Als ersten Film des Tages hatte ich mir den finnischen Film „Lappland-Odyssee“ ausgesucht. Obwohl ich wieder einmal eine dreiviertel Stunde vor Filmbeginn da war, konnte ich mich nur ans Ende einer bereits recht langen Schlange von Wartenden einreihen. Trotzdem war ich guter Hoffnung, denn vor mir sah ich relativ wenige Besucher mit dem beinahe schon obligatorischen blauen Bändchen um den Hals, von dem ein Festivalausweis baumelte. Und ich sollte recht behalten. Diesmal gab es keine Probleme ins Kino zu kommen.
Vorweg gab es aber noch den Kurzfilm „Mein Vater aus Pappe“, der leider nicht in der IMDb eingetragen ist. Schade, denn der Film ist wirklich gut. Hier muss sich der neue Freund der Mutter gegen den Vater ihres 8-jährigen Sohnes durchsetzen. Dumm nur, dass dieser nicht aus Fleisch und Blut ist, sondern ein mannshoher Supermann-Pappaufsteller. Natürlich wird alles gut, aber der Weg zum Happy End ist sehr humorvoll und voller Herzenswärme.

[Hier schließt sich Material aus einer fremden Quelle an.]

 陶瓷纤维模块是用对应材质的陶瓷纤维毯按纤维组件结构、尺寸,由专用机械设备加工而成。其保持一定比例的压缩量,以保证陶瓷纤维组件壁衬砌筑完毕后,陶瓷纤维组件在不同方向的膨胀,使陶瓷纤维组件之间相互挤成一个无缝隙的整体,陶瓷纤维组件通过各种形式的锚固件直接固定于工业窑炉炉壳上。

Vor dem Hauptfilm waren dann noch der Regisseur Dome Karukoski, sowie seine drei Hauptdarsteller Jussi Vatanen, Jasper Pääkkönen und Timo Lavikainen zu Gast. Wie immer wurden amüsanten Anekdoten erzählt und die vier kamen sympathisch rüber. Lediglich Timo Lavikainen lies so ein wenig zu sehr die coole Sau raushängen. Aber gut, das passt ja auch zu seiner Rolle im Film.

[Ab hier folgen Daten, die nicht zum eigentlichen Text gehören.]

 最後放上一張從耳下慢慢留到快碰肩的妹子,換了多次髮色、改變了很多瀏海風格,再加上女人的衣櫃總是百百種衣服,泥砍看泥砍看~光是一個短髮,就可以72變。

„Lappland Odyssee“ (Napapiirin sankarit) ist eine finnische Komödie um drei Freunde, die nicht besonders viel Antriebskraft aufbringen und sich ohne große Anstrengungen durchs Leben treiben lassen. Einer von Ihnen muss allerdings seine totale Passivität aufgeben, als ihn seine Freundin bittet, einen Digital Decoder zu besorgen. Natürlich trödelt er so lange mit seinen Kumpels in einer Kneipe herum, bis ihm selbst dieses simple Vorhaben misslingt. Nun stellt ihn seine Freundin vor die Wahl: Entweder er besorgt ihr bis zum nächsten Morgen einen Decoder oder sie zieht auf nimmer Wiedersehen aus. Die drei Hänger machen sich auf den abenteuerlichen Weg durch die kalte, finnische Nacht und begannen unterwegs waschechten Sirenen und andere homerische Misslichkeiten.

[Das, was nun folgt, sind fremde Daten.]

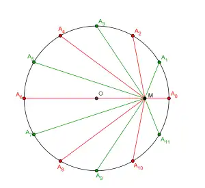 Dacă un cerc de centru O și rază r este secționat în 2n părți egale prin intermediul punctelor (unde n e un număr natural nenul) și se consideră un punct M situat pe semidreapta .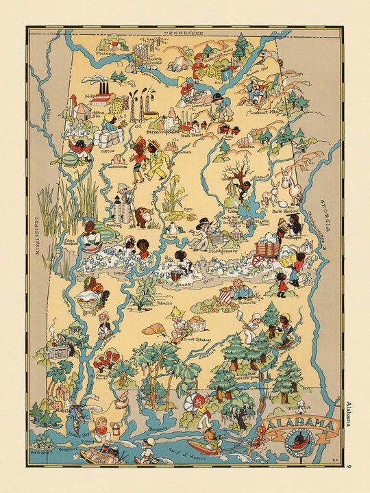 Step into the vibrant world of 1930s America with "Alabama..", a captivating pictorial map created by the renowned Ruth Taylor White in 1935. This map, originally published as part of a whimsical atlas, offers a delightful visual journey through the heart of Alabama, blending historical insight with playful artistry. The original title, simple yet evocative, sets the tone for a piece that both informs and entertains, capturing the essence of the state during a transformative era in American history.

Der Film macht einfach Spaß. Er beginnt zwar recht langsam, steigert sich dann aber zusehends und irgendwann hat man seine drei „Helden“ einfach ins Herz geschlossen. Nette Einfälle, gute Hauptdarsteller und eine solide Regie machen „Lappland Odyssee“ zu einem unterhaltsamen Komödie, bei der aber auch immer wieder die typisch finnische Melancholie durchklingt. Ein perfekter Auftakt für den dritten Kinotag.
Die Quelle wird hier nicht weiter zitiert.